▸ **TASK STATEMENT**: Within the records below, find the line with "2023年9月25日上午,水" and the line with "13. Слегка согнуть", then reproduce exactly those two lines and all lines between them, without any picture.

▸ **ENTRIES SUPPLIED**:
━━━━

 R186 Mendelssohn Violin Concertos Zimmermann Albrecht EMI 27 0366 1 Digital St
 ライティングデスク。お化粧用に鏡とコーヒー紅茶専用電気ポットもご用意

━━━━

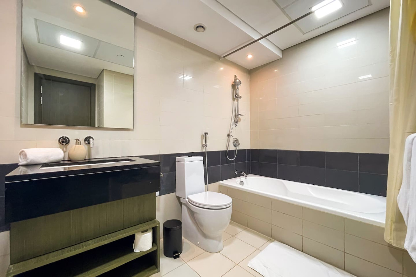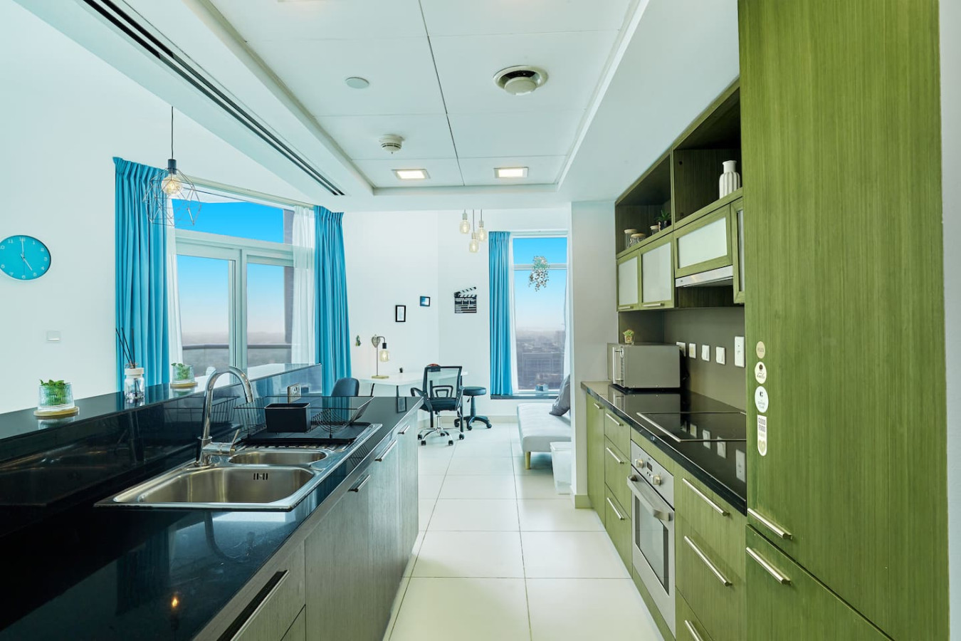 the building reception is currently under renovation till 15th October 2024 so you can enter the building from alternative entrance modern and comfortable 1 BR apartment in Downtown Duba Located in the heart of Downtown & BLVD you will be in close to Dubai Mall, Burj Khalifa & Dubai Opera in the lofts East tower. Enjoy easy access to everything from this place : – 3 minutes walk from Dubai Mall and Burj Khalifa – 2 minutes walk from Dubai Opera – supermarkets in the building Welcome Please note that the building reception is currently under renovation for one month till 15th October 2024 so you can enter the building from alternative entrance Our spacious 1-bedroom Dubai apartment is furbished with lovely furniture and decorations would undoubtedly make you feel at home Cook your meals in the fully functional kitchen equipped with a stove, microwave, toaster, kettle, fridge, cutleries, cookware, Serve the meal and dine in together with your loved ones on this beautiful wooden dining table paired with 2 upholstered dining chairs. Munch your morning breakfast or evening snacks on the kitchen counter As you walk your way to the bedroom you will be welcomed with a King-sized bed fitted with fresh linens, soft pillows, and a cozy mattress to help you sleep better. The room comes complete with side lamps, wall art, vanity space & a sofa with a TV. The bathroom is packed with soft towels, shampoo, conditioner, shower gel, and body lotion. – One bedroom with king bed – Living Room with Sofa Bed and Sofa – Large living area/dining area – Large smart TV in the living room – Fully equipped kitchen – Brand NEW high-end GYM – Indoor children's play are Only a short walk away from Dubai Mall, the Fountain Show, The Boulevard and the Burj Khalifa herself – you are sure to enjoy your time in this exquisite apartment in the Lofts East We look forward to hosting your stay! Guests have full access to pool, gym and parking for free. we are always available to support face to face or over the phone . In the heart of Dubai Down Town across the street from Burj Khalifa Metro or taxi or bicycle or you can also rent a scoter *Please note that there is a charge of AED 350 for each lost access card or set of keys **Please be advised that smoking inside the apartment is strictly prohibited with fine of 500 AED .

━━━━

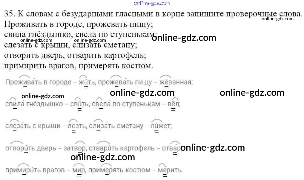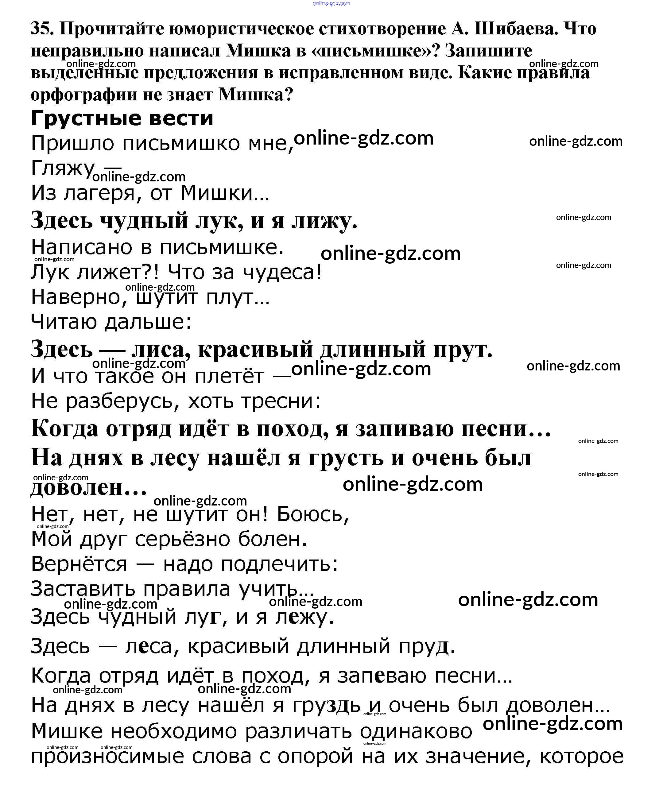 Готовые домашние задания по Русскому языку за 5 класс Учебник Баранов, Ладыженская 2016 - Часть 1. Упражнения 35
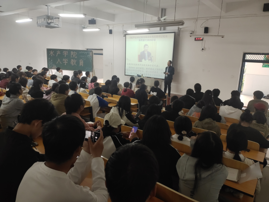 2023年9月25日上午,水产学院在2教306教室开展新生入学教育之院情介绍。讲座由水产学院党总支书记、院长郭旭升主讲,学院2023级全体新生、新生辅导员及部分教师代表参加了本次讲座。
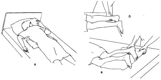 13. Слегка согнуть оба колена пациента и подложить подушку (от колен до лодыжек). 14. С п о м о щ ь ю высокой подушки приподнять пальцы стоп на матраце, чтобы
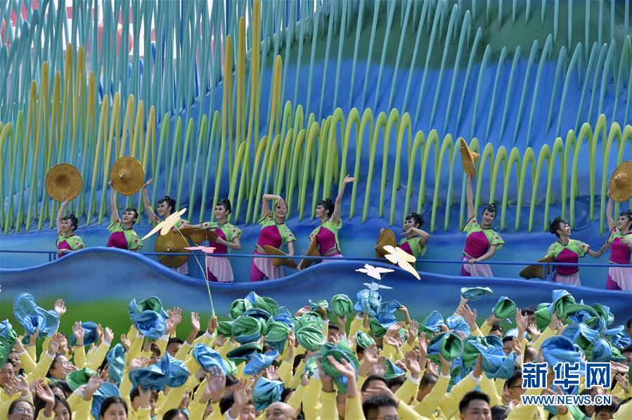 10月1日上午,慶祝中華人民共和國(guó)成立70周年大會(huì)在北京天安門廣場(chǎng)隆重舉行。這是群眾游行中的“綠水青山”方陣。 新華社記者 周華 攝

━━━━

▸ **SOLUTION**:
 2023年9月25日上午,水产学院在2教306教室开展新生入学教育之院情介绍。讲座由水产学院党总支书记、院长郭旭升主讲,学院2023级全体新生、新生辅导员及部分教师代表参加了本次讲座。
 13. Слегка согнуть оба колена пациента и подложить подушку (от колен до лодыжек). 14. С п о м о щ ь ю высокой подушки приподнять пальцы стоп на матраце, чтобы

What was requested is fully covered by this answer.